(Stored data entries)
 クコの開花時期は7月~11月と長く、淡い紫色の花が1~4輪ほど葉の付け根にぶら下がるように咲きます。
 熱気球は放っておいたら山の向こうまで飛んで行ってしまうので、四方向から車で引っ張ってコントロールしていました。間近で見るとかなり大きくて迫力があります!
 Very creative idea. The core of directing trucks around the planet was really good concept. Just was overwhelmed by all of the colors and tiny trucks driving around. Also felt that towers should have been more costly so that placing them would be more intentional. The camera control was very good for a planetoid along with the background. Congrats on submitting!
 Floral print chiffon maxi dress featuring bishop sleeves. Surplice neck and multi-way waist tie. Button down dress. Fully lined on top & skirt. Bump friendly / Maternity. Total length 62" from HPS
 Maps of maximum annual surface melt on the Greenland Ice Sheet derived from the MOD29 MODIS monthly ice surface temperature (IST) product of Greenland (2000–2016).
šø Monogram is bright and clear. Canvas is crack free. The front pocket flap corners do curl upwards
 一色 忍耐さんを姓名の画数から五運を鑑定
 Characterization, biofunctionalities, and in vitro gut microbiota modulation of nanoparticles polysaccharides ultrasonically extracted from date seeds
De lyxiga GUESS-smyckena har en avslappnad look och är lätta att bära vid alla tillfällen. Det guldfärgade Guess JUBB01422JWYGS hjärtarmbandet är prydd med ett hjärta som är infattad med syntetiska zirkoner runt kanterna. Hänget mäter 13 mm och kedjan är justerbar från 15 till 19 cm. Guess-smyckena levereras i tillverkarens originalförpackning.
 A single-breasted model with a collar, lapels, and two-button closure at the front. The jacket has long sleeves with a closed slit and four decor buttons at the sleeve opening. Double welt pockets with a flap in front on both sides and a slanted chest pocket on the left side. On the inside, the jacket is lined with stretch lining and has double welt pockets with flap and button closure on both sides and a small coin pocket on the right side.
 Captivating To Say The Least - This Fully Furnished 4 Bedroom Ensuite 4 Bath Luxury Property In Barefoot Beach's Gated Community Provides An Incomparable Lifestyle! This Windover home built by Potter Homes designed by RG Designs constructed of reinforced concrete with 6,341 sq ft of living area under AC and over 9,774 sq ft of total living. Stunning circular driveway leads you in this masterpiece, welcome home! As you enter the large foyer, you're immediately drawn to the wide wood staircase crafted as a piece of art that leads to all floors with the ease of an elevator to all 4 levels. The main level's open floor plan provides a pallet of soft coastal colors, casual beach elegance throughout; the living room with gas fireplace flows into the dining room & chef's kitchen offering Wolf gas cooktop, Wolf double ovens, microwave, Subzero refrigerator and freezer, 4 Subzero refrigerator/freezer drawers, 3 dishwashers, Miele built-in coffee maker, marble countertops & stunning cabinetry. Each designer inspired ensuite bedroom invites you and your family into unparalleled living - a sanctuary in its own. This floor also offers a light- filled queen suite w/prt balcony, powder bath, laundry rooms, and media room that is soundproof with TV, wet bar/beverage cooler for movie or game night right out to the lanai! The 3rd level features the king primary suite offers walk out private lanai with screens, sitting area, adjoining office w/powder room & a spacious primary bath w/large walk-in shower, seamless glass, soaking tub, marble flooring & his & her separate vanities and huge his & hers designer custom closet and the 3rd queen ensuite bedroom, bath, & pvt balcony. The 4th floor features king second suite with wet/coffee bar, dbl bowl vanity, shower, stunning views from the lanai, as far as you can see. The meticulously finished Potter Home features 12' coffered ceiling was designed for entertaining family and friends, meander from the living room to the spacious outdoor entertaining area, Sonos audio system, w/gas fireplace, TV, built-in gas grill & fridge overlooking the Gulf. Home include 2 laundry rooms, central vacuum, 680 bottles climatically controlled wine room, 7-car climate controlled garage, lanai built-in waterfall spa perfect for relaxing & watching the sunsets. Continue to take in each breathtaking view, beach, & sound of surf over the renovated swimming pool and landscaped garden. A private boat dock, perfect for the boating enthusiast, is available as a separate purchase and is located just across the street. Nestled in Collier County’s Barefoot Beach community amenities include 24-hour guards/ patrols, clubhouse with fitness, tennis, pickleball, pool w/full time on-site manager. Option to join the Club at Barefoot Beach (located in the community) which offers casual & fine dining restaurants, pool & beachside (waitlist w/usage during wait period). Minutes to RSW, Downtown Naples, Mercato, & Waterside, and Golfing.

Problem to solve
Copy out only the lines above from the one with "Maps of maximum" to the one with "A single-breasted model", inclusive, exactly as they stand.

Task response
 Maps of maximum annual surface melt on the Greenland Ice Sheet derived from the MOD29 MODIS monthly ice surface temperature (IST) product of Greenland (2000–2016).
šø Monogram is bright and clear. Canvas is crack free. The front pocket flap corners do curl upwards
 一色 忍耐さんを姓名の画数から五運を鑑定
 Characterization, biofunctionalities, and in vitro gut microbiota modulation of nanoparticles polysaccharides ultrasonically extracted from date seeds
De lyxiga GUESS-smyckena har en avslappnad look och är lätta att bära vid alla tillfällen. Det guldfärgade Guess JUBB01422JWYGS hjärtarmbandet är prydd med ett hjärta som är infattad med syntetiska zirkoner runt kanterna. Hänget mäter 13 mm och kedjan är justerbar från 15 till 19 cm. Guess-smyckena levereras i tillverkarens originalförpackning.
 A single-breasted model with a collar, lapels, and two-button closure at the front. The jacket has long sleeves with a closed slit and four decor buttons at the sleeve opening. Double welt pockets with a flap in front on both sides and a slanted chest pocket on the left side. On the inside, the jacket is lined with stretch lining and has double welt pockets with flap and button closure on both sides and a small coin pocket on the right side.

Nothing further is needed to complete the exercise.